Sunday, June 1st, 2008

Since I’ve gotten so many inquiries on the fate of the dog in the last post, you’ll be glad to hear that it’s been adopted by someone in the complex until the owner can be found.

Wikipedia back in China

Thursday, August 23rd, 2007

Apologies for the long hiatus, but my first post in weeks is to bring good news — Wikipedia’s foreign language editions are “back” and accessible in the PRC. That is, all except for the Chinese (zh.wikipedia.org).

Users in the PRC probably noticed access went away a few days ago to the entire universe of Wikipedia/Wikimedia content. After my notifying the Wikimedia tech team about the outage, it was simply a matter of them restoring the previous DNS lookup scheme and things work fine.

China PARTIALLY unblocks Wikipedia

Wednesday, October 11th, 2006

The good news: The Wikipedia block in China is partially lifted

The bad news: The Chinese version is still not generally accessible, and the Western media reporting has been poor

Editor & Publisher magazine put out an article October 11 saying:

“The online interactive reference site Wikipedia announced Tuesday that the site had apparently been made accessible in China, after being blocked for just over a year by the country’s government. “

Well not quite correct. Reports started coming in on October 10 from different parts of the PRC, saying that the English Wikipedia was now accessible. A friend using an open Wifi in Beijing emailed me saying he could suddenly start using Wikipedia again. Some folks in Hubei said it was still blocked. Shanghai and Guangdong users said parts were accessible.

From a Beijing China Netcom’s residential DSL connection, the English language and other foreign language versions are now accessible, but the Chinese version is still blocked (zh.wikipedia.org).

It’s important to know there is no monolithically operating Great Firewall of China, even though it is a cute and useful moniker.

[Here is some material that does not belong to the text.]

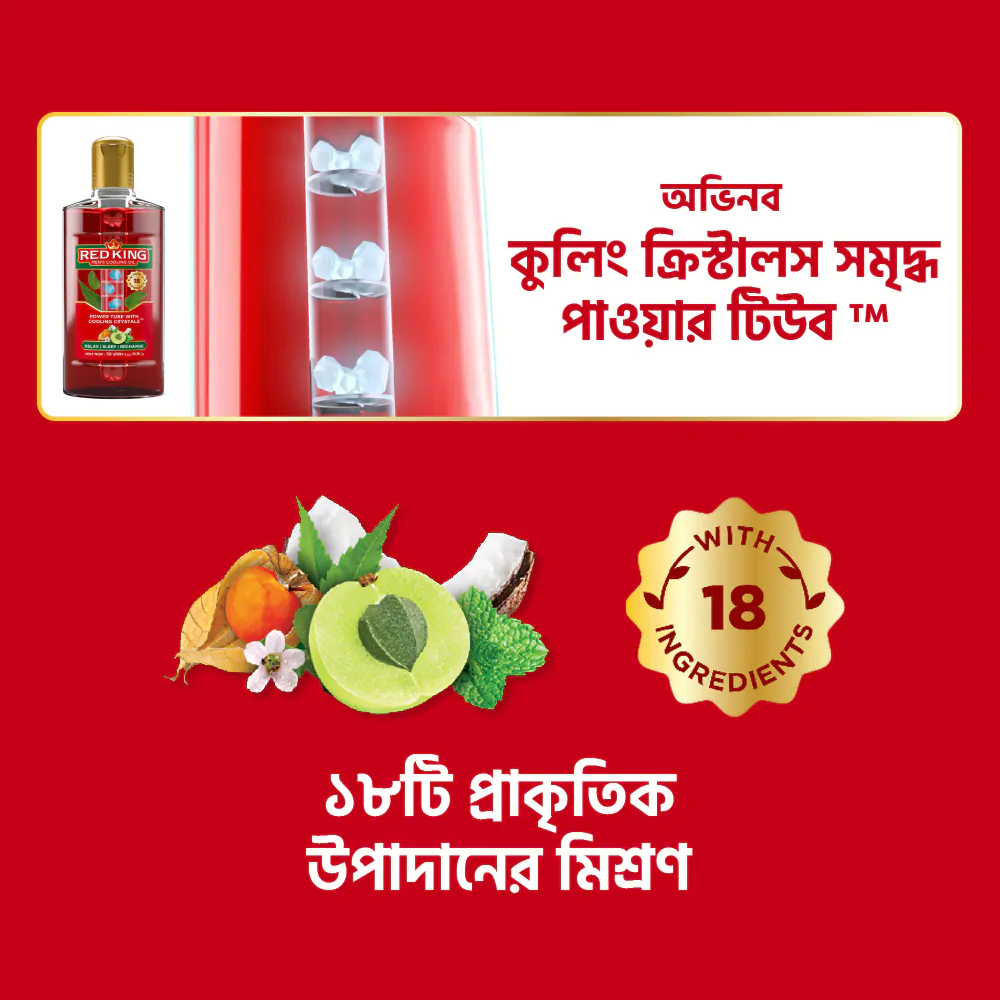 Red King Men’s Cooling Oil is a unique hair oil in Marico’s diverse product portfolio that aims to provide relaxation to the user. It is made with 18 natural ingredients providing the best of nature that come together to create the optimum environment to relax, sleep, and recharge. Demonstrating the constant desire to innovate and evolve with changing needs, the bottle has a unique power tube filled with cooling crystals. This ensures that when the oil is poured out, it passes through the power tube every time giving a fresh sense of coolness and rejuvenation. Furthermore, the crystals enhance its relaxing efficacy, delivering a power cooling experience after a hard day’s work, taking away tension and enhancing the quality of sleep.

The “GFW system” depends on a distributed system of checks and filters that depends on the particular ISP, the type of connection being used, and the geographic locale. A commercial connection in Hubei is different than a residential DSL in Guangdong is different than an academic network in Shantou. Something blocked in one area of the country may be totally fine in another. A keyword that is filtered in one place could be allowed in another.

So for folks in China’s tech circles, it’s pretty frustrating seeing blanket “China blocks” or “China unblocks” declaration without specifics or accurate reports.

Filtering also happens on different levels between the domestic network and the greater Internet, so even though Wikipedia is generally accessible in English, it’s still subject to:

  • URL-level filtering - host header or keyword in URL rejected
  • Text-stream level filtering - offending keyword in Web page

More info as it arrives, but let’s not forget that for now the most important part of Wikipedia for PRC users - the Chinese version - is still not generally accessible.

UPDATE: After posting this entry, several folks contacted me with some results:

  • China Telecom DSL, Shanghai - en:OK, zh:OK
  • CETC-CHINACOMM COMMUNICATIONS Co.,Ltd., Beijing- en:OK, zh:OK
  • Various ISPs, Anhui - en:OK, zh:BLOCKED

New blog location

Thursday, April 27th, 2006

Apologies for those who have made bookmarks here or to the RSS, but I’ve just moved the blog to http://www.andrewlih.com/blog/ to make room for other projects. I pledge not to move this for a while!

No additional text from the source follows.